FROM mcr.microsoft.com/dotnet/aspnet:8.0
# Install dumb-init for proper process supervision
RUN apt-get update && apt-get install -y dumb-init
ENTRYPOINT ["/usr/bin/dumb-init", "--"]
CMD ["dotnet", "YourApp.dll"]
Or with Docker run:
docker run --init your-image
Limitations:
- Only addresses zombie process cleanup, not memory leaks within Chrome
- Requires Docker 1.13.0 or later for --init
- Does not solve the DisposeAsync hanging issue
Workaround 4: Periodic Browser Restart
Approach: Track memory usage and restart the browser instance when it exceeds a threshold.
private int _pdfCount = 0;
private const int MaxPdfsPerBrowser = 100;
public async Task<byte[]> GeneratePdf(string html)
{
if (_pdfCount >= MaxPdfsPerBrowser)
{
await _browser.CloseAsync();
_browser.Dispose();
_browser = await Puppeteer.LaunchAsync(_launchOptions);
_pdfCount = 0;
}
_pdfCount++;
// Generate PDF...
}
Limitations:
- Adds latency when browser restarts (3+ seconds per restart)
- Complex to implement correctly with concurrent requests
- Arbitrary threshold may not match actual memory pressure
Workaround 5: Limit Concurrency
Approach: Restrict concurrent PDF generation to prevent memory spikes.

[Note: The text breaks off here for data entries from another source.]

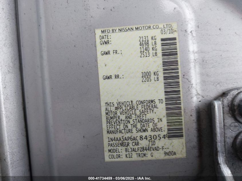 Color SilverCylinders 6Drive Front wheel driveVIN 1N4AA5AP6AC******State Run & Drive VerifiedDamage Rear leftAuction date 2025-03-26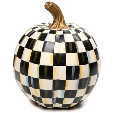 This specific pumpkin features a black-and-white Courtly Check pattern, but MacKenzie-Childs offers various designs in their collection.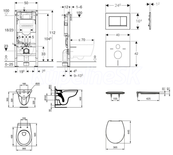- na montáž do systémových stien Geberit Duofix čiastočne vysokých alebo vysokých na výšku miestnosti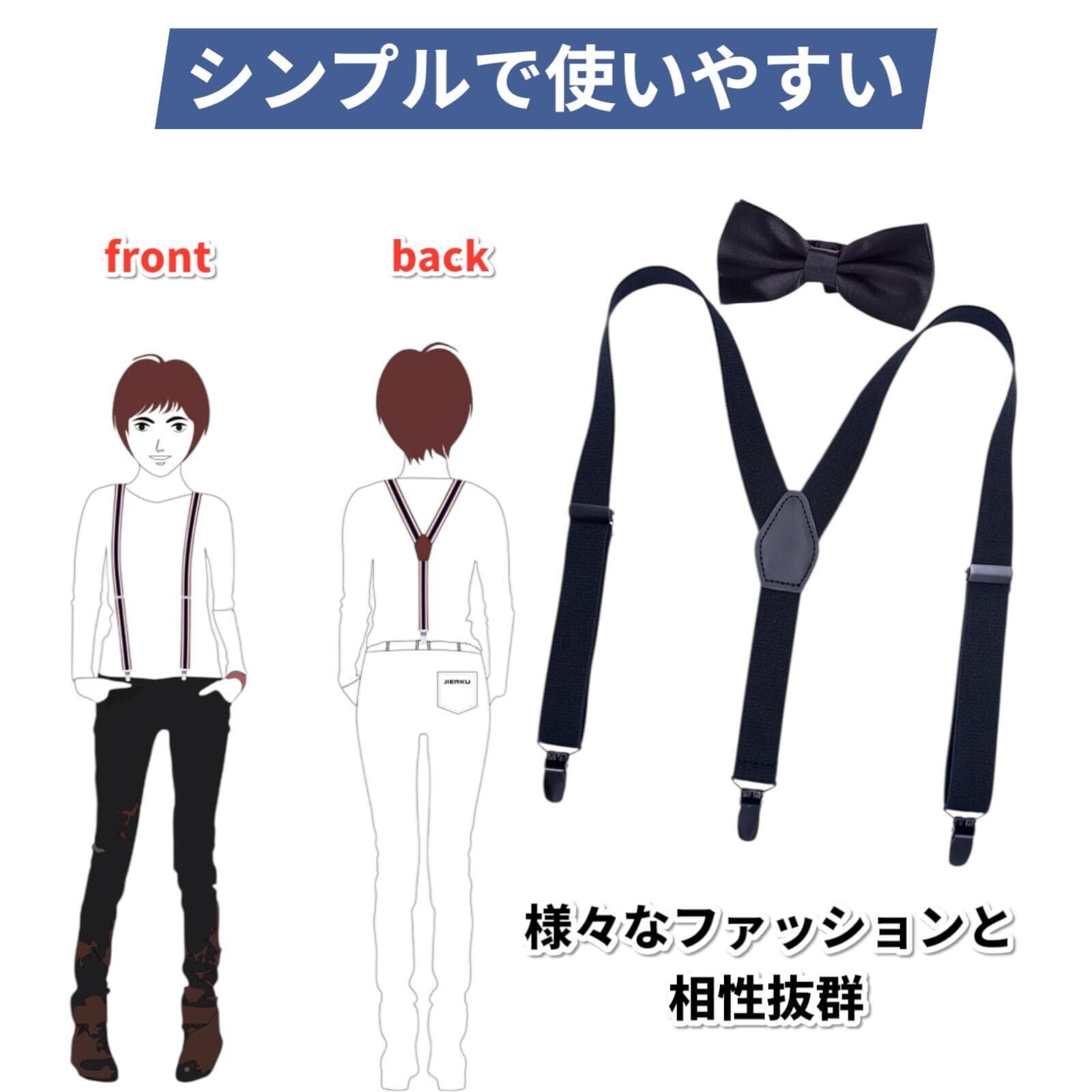 サスペンダー 作業用としても活躍する、伸縮性のあるゴム素材で快適フィット。長さ調節可能で、男女兼用、メンズ 大きいサイズにも対応。おしゃれな蝶ネクタイ付きセットは、日常からパーティーまで幅広く使える万能アクセサリーです。

private static readonly SemaphoreSlim _semaphore = new(Environment.ProcessorCount - 1);
public async Task<byte[]> GeneratePdfWithConcurrencyLimit(string html)
{
await _semaphore.WaitAsync();
try
{
// Generate PDF
}
finally
{
_semaphore.Release();
}
}
Limitations:
- Does not prevent memory accumulation, only slows it
- Reduces throughput
- Does not address the root disposal issues
A Different Approach: IronPDF
For teams where managing Chromium lifecycle is consuming significant engineering effort, libraries that handle browser lifecycle internally eliminate the category of bugs entirely. IronPDF embeds a Chromium rendering engine but manages its lifecycle automatically, removing the burden of browser instance management from application code.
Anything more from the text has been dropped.